> Work task: Word for word, restate the lines of the listing below from the line with "Courtyard CY1502 Power" through the line with "Gefen US Grade", and do not include the pictures.
─── Materials provided ───
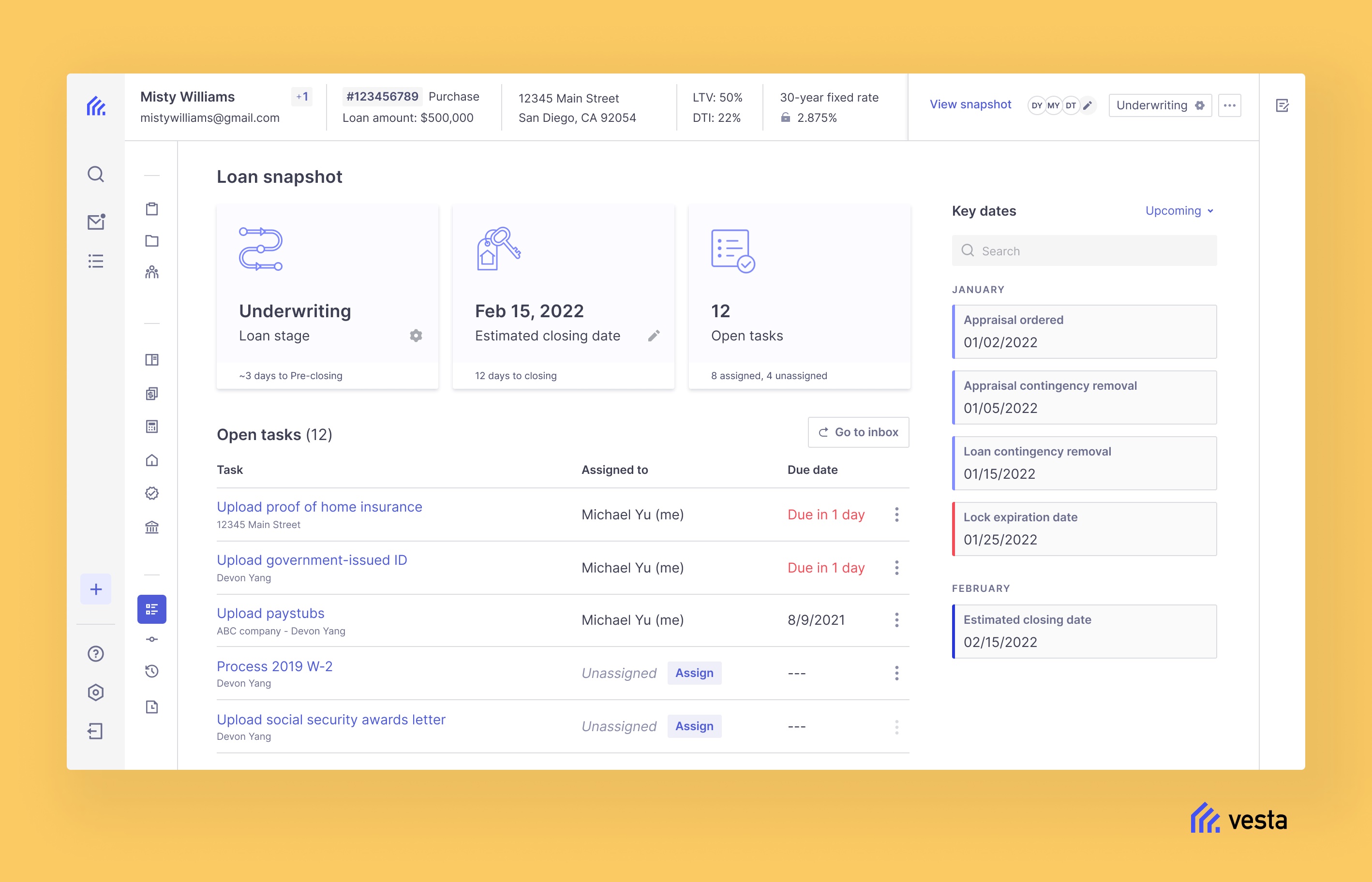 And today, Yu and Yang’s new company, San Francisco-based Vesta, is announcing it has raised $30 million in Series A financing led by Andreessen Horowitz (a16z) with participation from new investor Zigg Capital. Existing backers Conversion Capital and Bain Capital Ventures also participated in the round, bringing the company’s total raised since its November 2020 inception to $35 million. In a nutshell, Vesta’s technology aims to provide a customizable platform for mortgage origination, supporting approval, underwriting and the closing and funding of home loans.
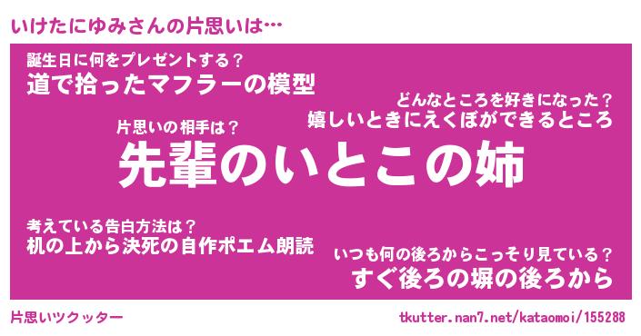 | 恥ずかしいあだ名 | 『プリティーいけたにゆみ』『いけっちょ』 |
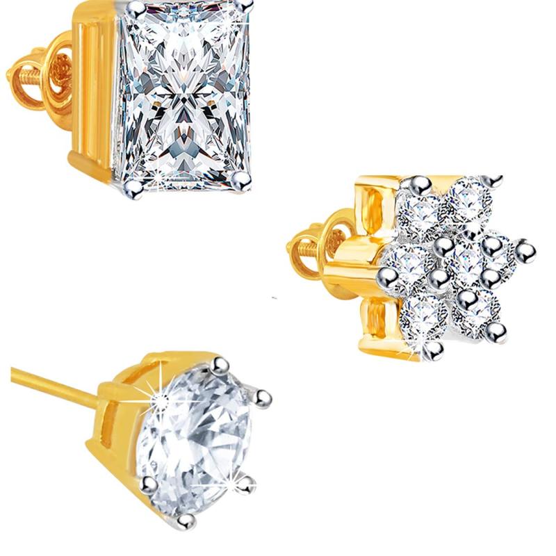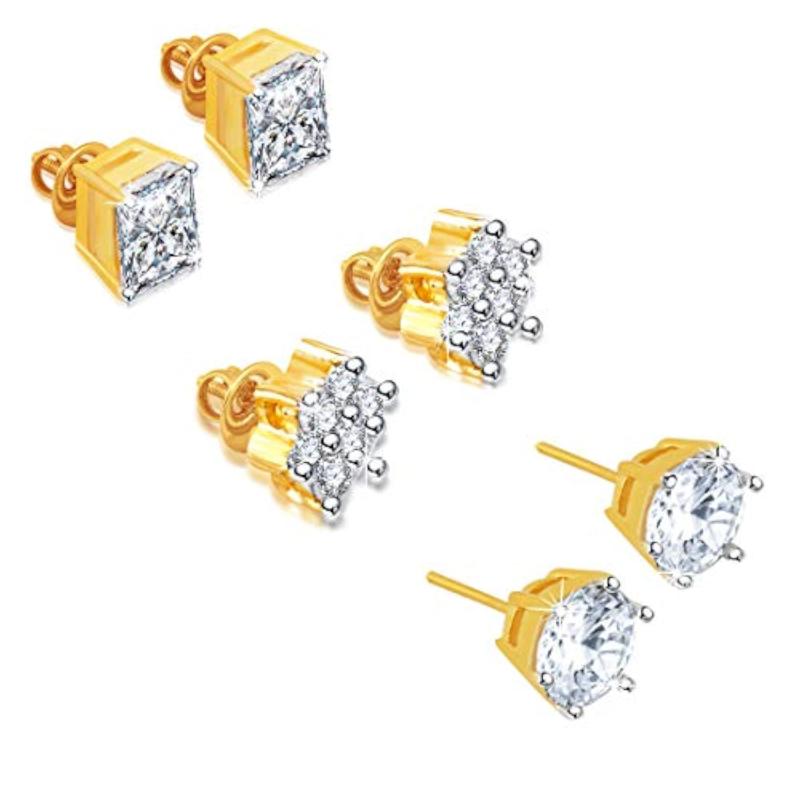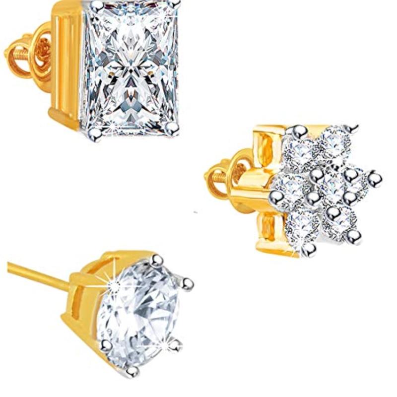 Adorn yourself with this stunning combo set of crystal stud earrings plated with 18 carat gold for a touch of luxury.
───
─── Materials provided ───
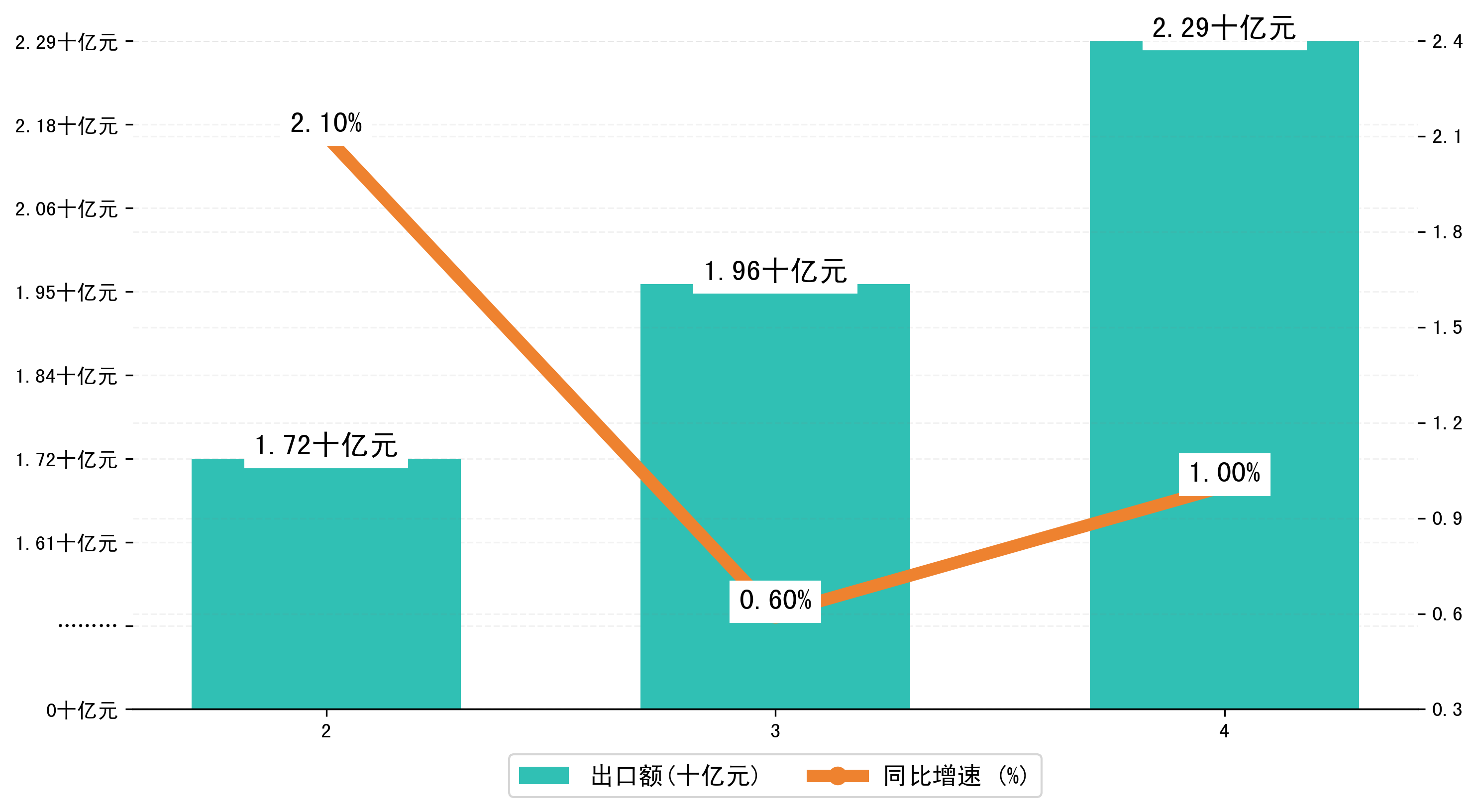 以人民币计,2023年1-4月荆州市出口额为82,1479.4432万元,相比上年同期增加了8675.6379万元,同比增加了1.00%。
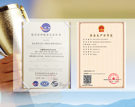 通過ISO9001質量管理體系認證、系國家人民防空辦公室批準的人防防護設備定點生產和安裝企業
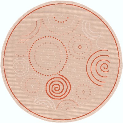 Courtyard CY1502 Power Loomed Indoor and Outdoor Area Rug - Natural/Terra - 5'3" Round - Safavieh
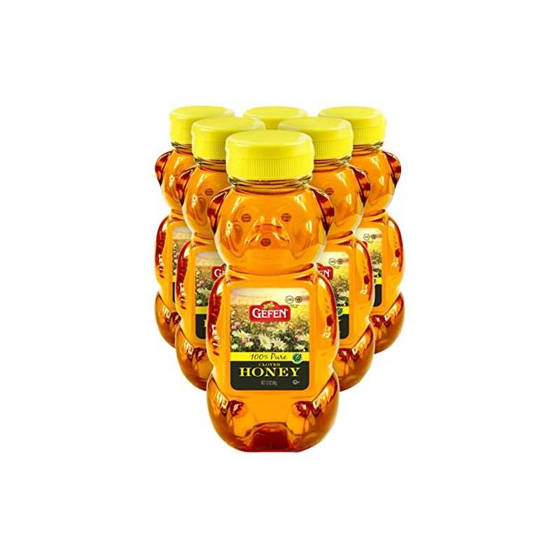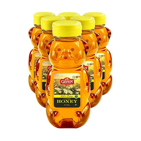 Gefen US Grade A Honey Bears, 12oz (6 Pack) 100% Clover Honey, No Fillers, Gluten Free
───
> Response:
 Courtyard CY1502 Power Loomed Indoor and Outdoor Area Rug - Natural/Terra - 5'3" Round - Safavieh
 Gefen US Grade A Honey Bears, 12oz (6 Pack) 100% Clover Honey, No Fillers, Gluten Free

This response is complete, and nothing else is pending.